Les Extraits de CHANELの一本を開けるには、まず一本の紐を断ち切らなければならない。紐を切ると現れるのは封蝋の層、その内側にはbaudrucheと呼ばれる薄い膜がある。この工程をシャネルは百年以上守り続けており、箱の中には専用の小さな鋏と革製の鞘まで用意されている。この所作のための道具を添えることで、そこにひとつの儀式としての重みが生まれる。
Les Extraitsシリーズは現在全11本。最初にL'Extrait N°5として世に出たものも含め、いずれもスプレー式ではなく、ガラス棒で香水をすくい取り、耳の後ろや胸元、手首の内側にそっと点すスタイルを採る。体温がゆっくりと香りを呼び覚ますのだ。調香師のOlivier Polge氏はこう説明する。「Les Extraitsを直接吹きかける人はいません。あまりに貴重だからです。数滴だけで香りは十分に広がり、痕跡を残してくれます」
1921年の透明なガラスボトルから始まった
この儀式的な感覚の原点をたどると、1921年にN°5が誕生した当時の姿に行き着く。透明なガラスボトル、無駄のないライン、装飾らしい装飾はほとんどない。この形は今日まで受け継がれ、キャップやラベル、比率において控えめな調整が加えられてきたのみだ。19種類あるLes Exclusifs de CHANELも同じ語彙を継承しており、白いラベルと極めてシンプルなボトルによって視覚的要素を最小限に抑え、それぞれの香りそのものに語らせている。
Les Exclusifsのキャップを開けると、その内側には互いに組み合わさった二つのCの文字が刻まれている。このディテールはもともと、技術的な課題を解決するために生まれたものだった――磁石の位置を正確に定めることで、キャップ外側のCCロゴが常に正しい向きを向くようにするためだ。Legastelois氏は、Gabrielle Chanelの「内側も外側と同じくらい美しくあるべき」という言葉に着想を得て、この技術的な構造をそのまま露出させるのではなく、その位置にCCロゴを刻み込むことにしたという。
Les Extraits de CHANELの化粧箱も、同じ論理に従っている。
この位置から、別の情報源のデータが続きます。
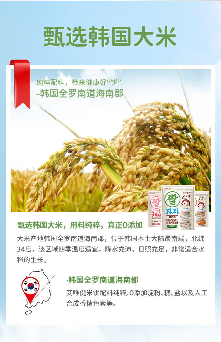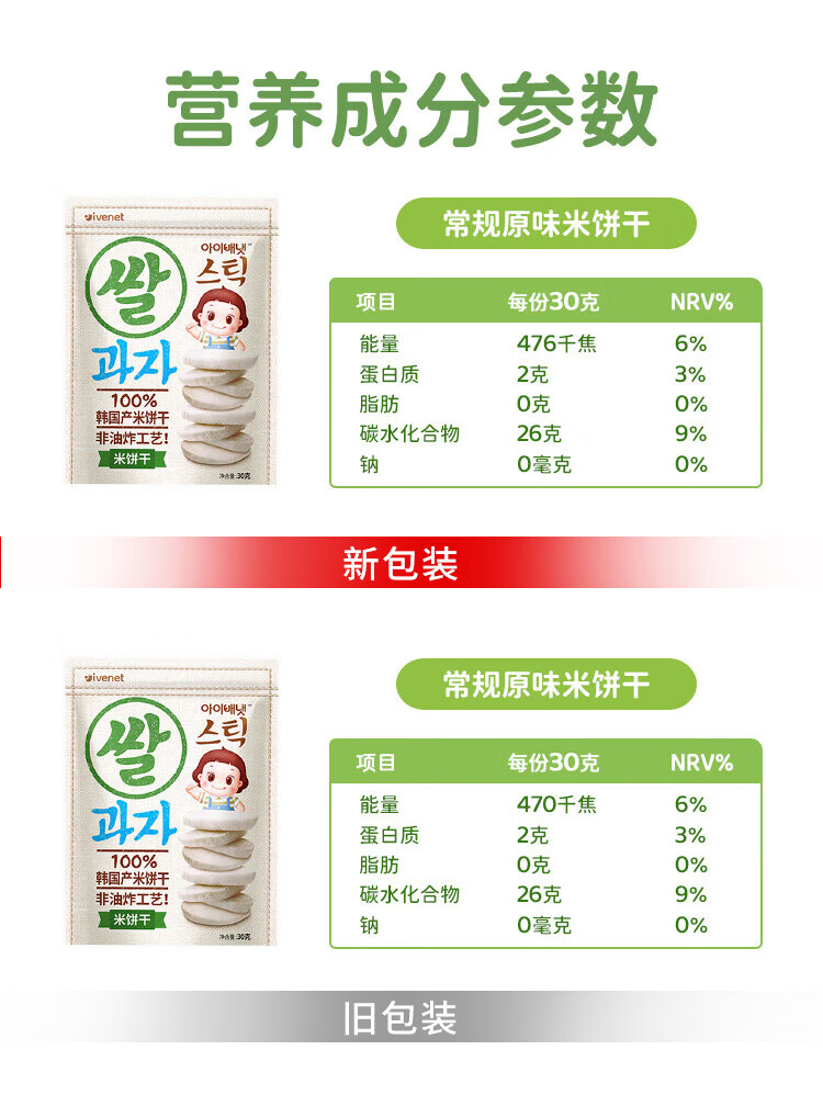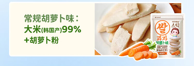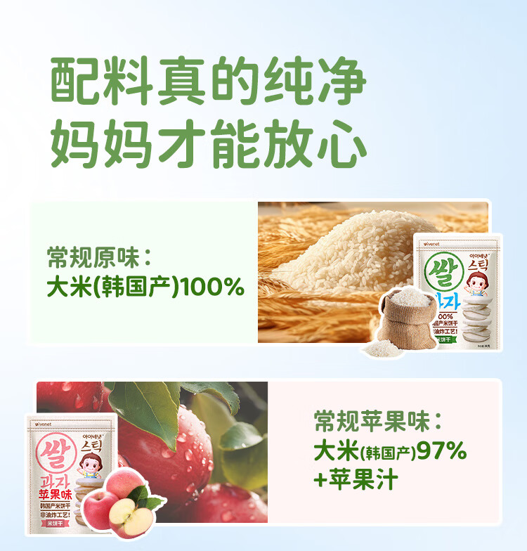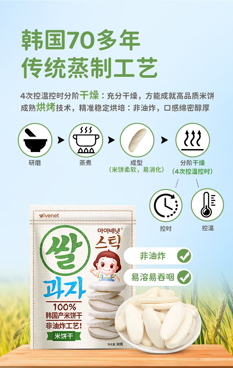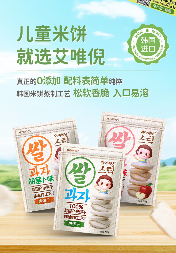 艾唯倪(ivenet) 进口米饼 宝宝儿童零食磨牙棒饼干 无额外添加糖盐 低钠 原味30g

八角形の外観はN°5のキャップの造形を反映すると同時に、パリのヴァンドーム広場を思わせる。香水瓶を取り出した後、箱の内側のクッション材は取り外し可能で、箱そのものはジュエリーボックスとして使い続けることができる。こうして、ひとつのデザインの命は途切れることなく続いていく。
四角いボトルはN°5のデザインDNAを受け継ぎながら、31 Le Rougeのリップスティックシリーズともどこか似た佇まいを見せる。軽やかで、中身を交換でき、バッグに入れて持ち歩ける。かつては私的な空間だけに属していた香りが、今ではタクシーに乗り込むとき、オフィスに向かうとき、あるいはデートに出かけるとき、使う人とともにある。それはまさに、Gabrielle Chanelが語った「最も稀な贅沢とは、行動の自由である」という言葉と響き合っている。
2026年7月、上海で開催されたCHANEL Grand Parfumeurのイベントでメディアの取材に応じたSylvie Legastelois氏は、シャネルが自分とチームに与えてくれる最も贅沢なものは「時間」だと語った。数年をかけてひとつひとつの些細なディテールを練り上げることができるからこそ、デザインそのものも香りと同じように、人の心を動かす力を持てるのだという。